Notitie
Voor toegang tot deze pagina is autorisatie vereist. U kunt proberen u aan te melden of de directory te wijzigen.
Voor toegang tot deze pagina is autorisatie vereist. U kunt proberen de mappen te wijzigen.
van toepassing op:Azure SQL Managed Instance
Met SQL Server Agent- in SQL Server en sql Managed Instancekunt u taken maken en plannen die periodiek kunnen worden uitgevoerd voor een of meer databases om Transact-SQL (T-SQL)-query's uit te voeren en onderhoudstaken uit te voeren. In dit artikel wordt het gebruik van SQL Agent voor SQL Managed Instance behandeld.
Notitie
SQL Agent is niet beschikbaar in Azure SQL Database of Azure Synapse Analytics. In plaats daarvan raden we taakautomatisering aan met elastische taken.
Wanneer moet u SQL Agent-taken gebruiken?
Er zijn verschillende scenario's waarin u SQL Agent-taken kunt gebruiken:
- Beheertaken automatiseren en plannen dat ze elke weekdag, na kantooruren, enzovoort worden uitgevoerd.
- Implementeer schemawijzigingen, referentiebeheer, prestatiegegevensverzameling of tenanttelemetrieverzameling (klant).
- Werk referentiegegevens bij (informatie die gebruikelijk is voor alle databases), laad gegevens uit Azure Blob Storage. Microsoft raadt het gebruik van SHARED ACCESS SIGNATURE-verificatie aan voor verificatie bij Azure Blob Storage.
- Algemene onderhoudstaken, waaronder
DBCC CHECKDB
om gegevensintegriteit of indexonderhoud te garanderen om de queryprestaties te verbeteren. Configureer taken voor uitvoering in een verzameling databases op terugkerende basis, zoals tijdens daluren. - Verzamel queryresultaten van een set databases in een centrale tabel op basis van een doorlopende basis. Prestatiequery's kunnen voortdurend worden uitgevoerd en geconfigureerd om extra taken te activeren die moeten worden uitgevoerd.

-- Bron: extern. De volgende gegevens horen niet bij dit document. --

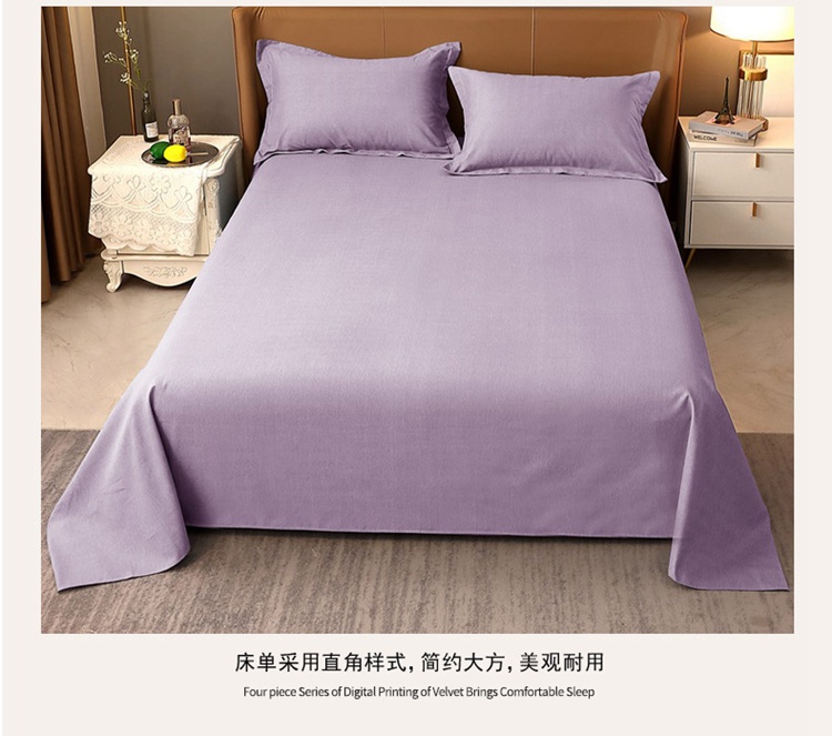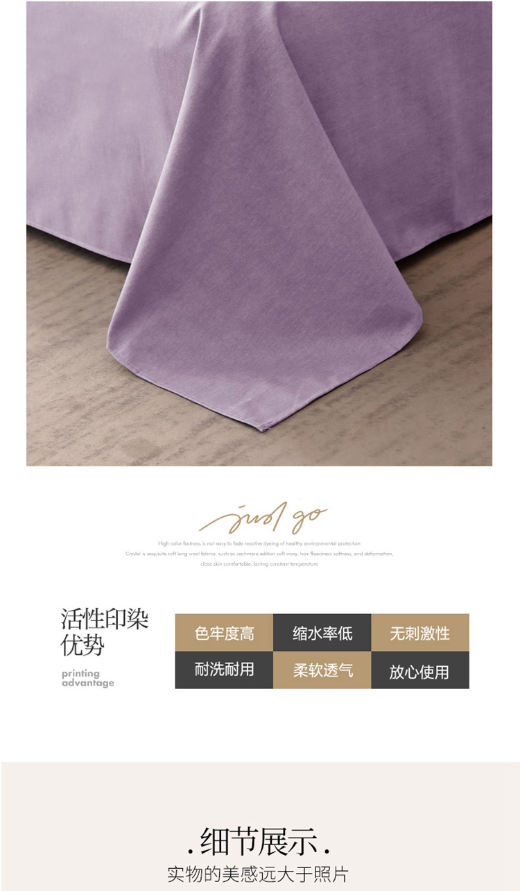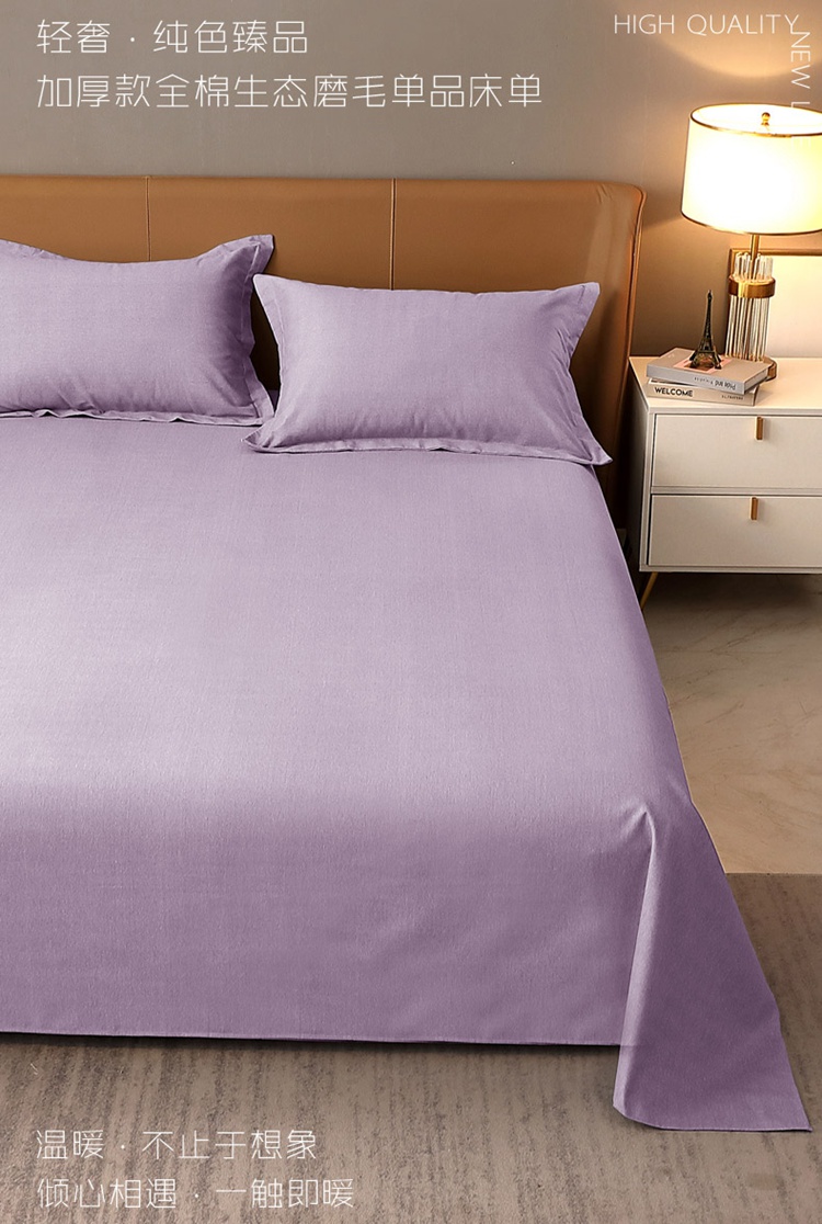 晶缦家纺 2022新款加厚全棉纯色生态磨毛多规格系列单床单 纯依-浅紫

- Gegevens verzamelen voor rapportage
- Gegevens uit een verzameling databases aggregeren in één doeltabel.
- Voer langer lopende query's voor gegevensverwerking uit in een grote set databases, bijvoorbeeld de verzameling telemetrie van klanten. Resultaten worden verzameld in een enkele doeltabel voor verdere analyse.
- Gegevensverplaatsingen
- Maak taken die wijzigingen in uw databases repliceren naar andere databases of verzamel updates die zijn aangebracht in externe databases en pas wijzigingen toe in de database.
- Taken maken die gegevens laden van of naar uw databases met behulp van SQL Server Integration Services (SSIS).
SQL Agent-taken in SQL Managed Instance
SQL Agent-taken worden uitgevoerd door de SQL Agent-service die nog steeds wordt gebruikt voor taakautomatisering in SQL Server en SQL Managed Instance.
SQL Agent-taken zijn een opgegeven reeks T-SQL-scripts voor uw database. Gebruik opdrachten om een beheertaak te definiëren die één of meerdere keren kan worden uitgevoerd en gemonitord op succes of falen.
Een taak kan worden uitgevoerd op één lokale server of op meerdere externe servers. SQL Agent-taken zijn een intern Database Engine-onderdeel dat wordt uitgevoerd in de SQL Managed Instance-service.
Er zijn verschillende belangrijke concepten in SQL Agent-taken:
- taakstappen set van een of meer stappen die binnen de taak moeten worden uitgevoerd. Voor elke taakstap kunt u een strategie voor opnieuw proberen definiëren en de actie die moet optreden als de taakstap slaagt of mislukt.
- Planningen definiëren wanneer de taak moet worden uitgevoerd.
- Meldingen kunt u regels definiëren die worden gebruikt om operators via e-mail op de hoogte te stellen zodra de taak is voltooid.
Taakstappen
Sql Agent-taakstappen zijn reeksen acties die door SQL Agent moeten worden uitgevoerd. Elke stap heeft de volgende stap die moet worden uitgevoerd als de stap slaagt of mislukt, het aantal nieuwe pogingen in een geval van een fout.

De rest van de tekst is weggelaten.